На веранде перед струганой лавкой стоял колченогий ломберный столик. Ростислав Сергеевич тотчас присел на лавку и, как бы извиняясь за свою слабость, улыбнулся виновато.
Сережа набрал яблок, положил на столик. Одно покатилось. Ростислав Сергеевич быстрым движением перехватил его и замер на мгновенье, и губы дрогнули — не понять, от улыбки или от боли. Он держал яблоко и слегка потирал левый бок, и Сережа опять заметил этот болезненный виноватый взгляд через пенсне.

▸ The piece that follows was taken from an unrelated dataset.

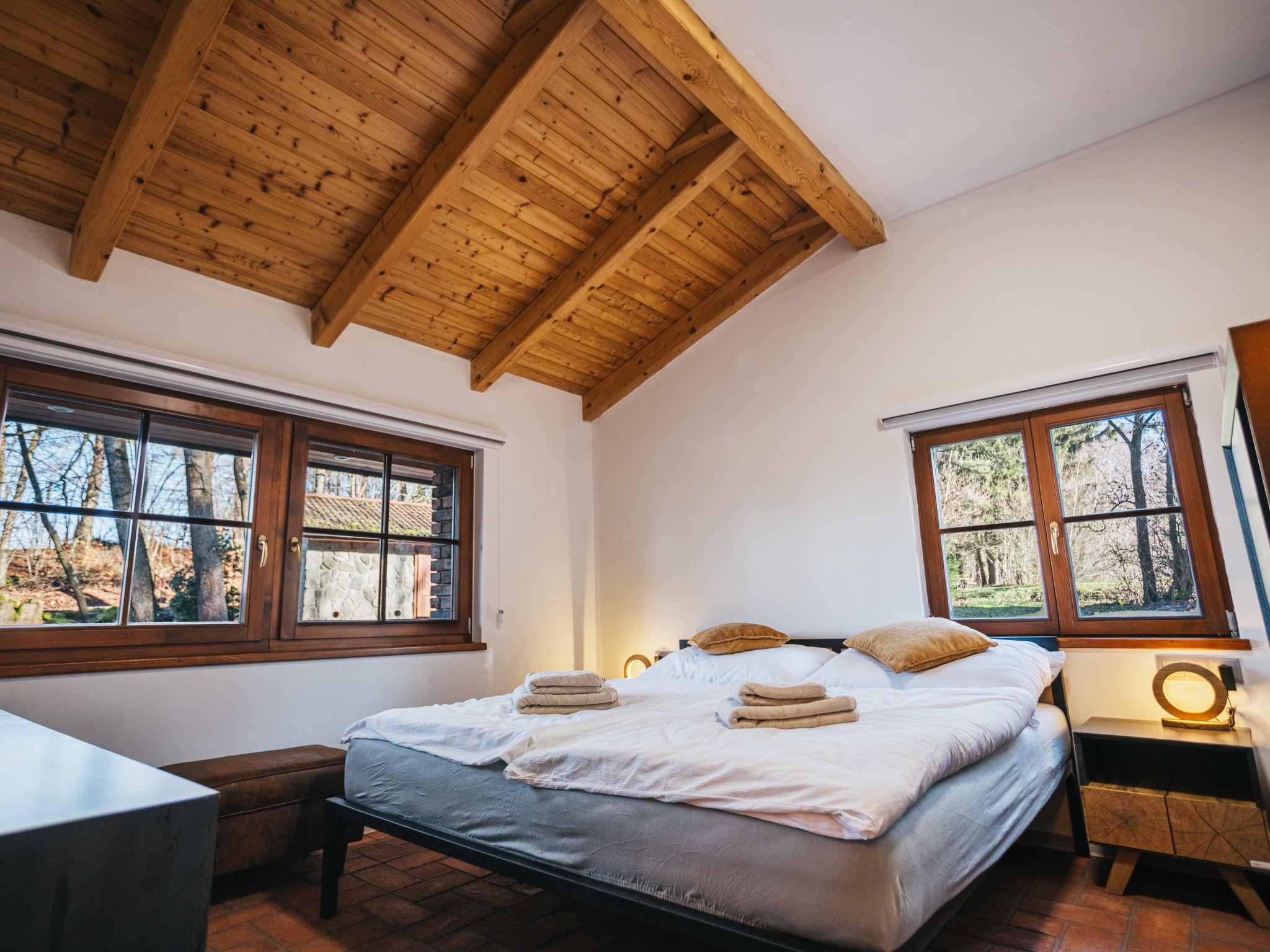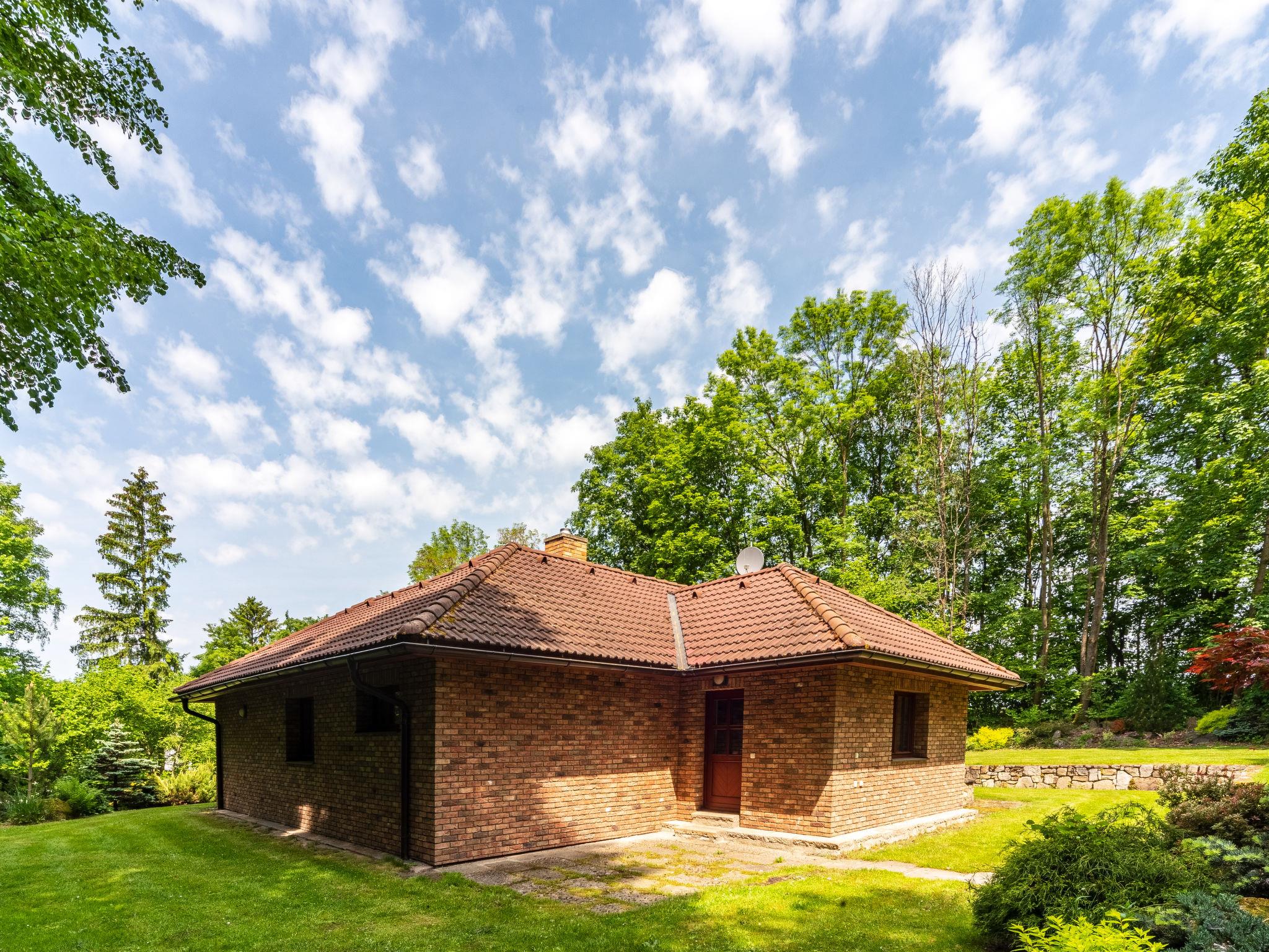 Kunejov 4 km from Clunek: In a beautiful place full of forests, meadows and ponds of the Czech Canada Nature Park, comfortable house "Kunejov", detached. 2 houses in the resort. Property composed of main house and outbuilding, on the outskirts Kunejov, 15 km from the centre of Jindrichuv Hradec, in a quiet, sunny position, 150 m from the edge of the forest, on the lake, in the countryside. Private: property 4'000 m2, swimming pool (6 x 3 m, depth 120 cm, seasonal availability: 01.Jun. - 30.Sep.). Patio, terrace, barbecue. In the complex: storage room for bicycles, central heating system. Parking at the house. Grocery 4 km, restaurant 4 km, bus stop "Kunejov" 400 m, railway station "Nová Bystrice, Senotín" 3.6 km, public bathing area 100 m. Golf course (18 hole) 10 km, walking paths from the house, cycle lane 50 m, children's playground 500 m. Nearby attractions: Kamenný stul 2 km, Památník Járy Cimrmana/Kaproun 6 km, Zámek Nová Bystrice 9 km, Terezín 12 km, Vítkuv Hrádek 12 km, Hrad Landštejn 15 km, Pomezí, Hrad a zámek Jindrichuv Hradec 15 km, Trebon 33 km, Telc 35 km. Well-known ski regions can easily be reached: Hradište u Nové Bystrice 5 km. Well-known lakes can easily be reached: Kacležský, Krvavý, Klikovský rybník 4 km, Ratmírovský rybník 12 km. A SWIMMING POOL WILL BE AVAILABLE FROM MAY 2026.

Тут из сада на веранду поднялась жена Ростислава Сергеевича Ирина Викторовна, и тотчас запал яблок перебило крепким махорочным дымком. Ирина Викторовна лишь на мгновенье вынула толстую самокрутку, чтоб ответить на приветствие Сережи — искры посыпались в кошелку на яблоки, которые она принесла.

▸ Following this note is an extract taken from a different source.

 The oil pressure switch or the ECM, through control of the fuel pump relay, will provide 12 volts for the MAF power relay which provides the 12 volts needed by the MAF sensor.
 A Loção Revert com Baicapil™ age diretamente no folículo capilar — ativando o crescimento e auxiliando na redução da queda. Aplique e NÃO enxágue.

Ростислав Сергеевич поморщился, отодвигаясь от самокрутки, оказавшейся рядом.
— Ну, цирлихь-манирлихь! — хрипло каркнула Ирина Викторовна и закашлялась.
Сколько Сережа ее помнил, она не выпускала «козью ножку» изо рта. Но Ростислав Сергеевич так и не смог привыкнуть к махорке, и это выражение лица всегда возникало у него, едва появлялась жена; и она всегда говорила в ответ одну и ту же фразу насчет «цирлихь-манирлихь».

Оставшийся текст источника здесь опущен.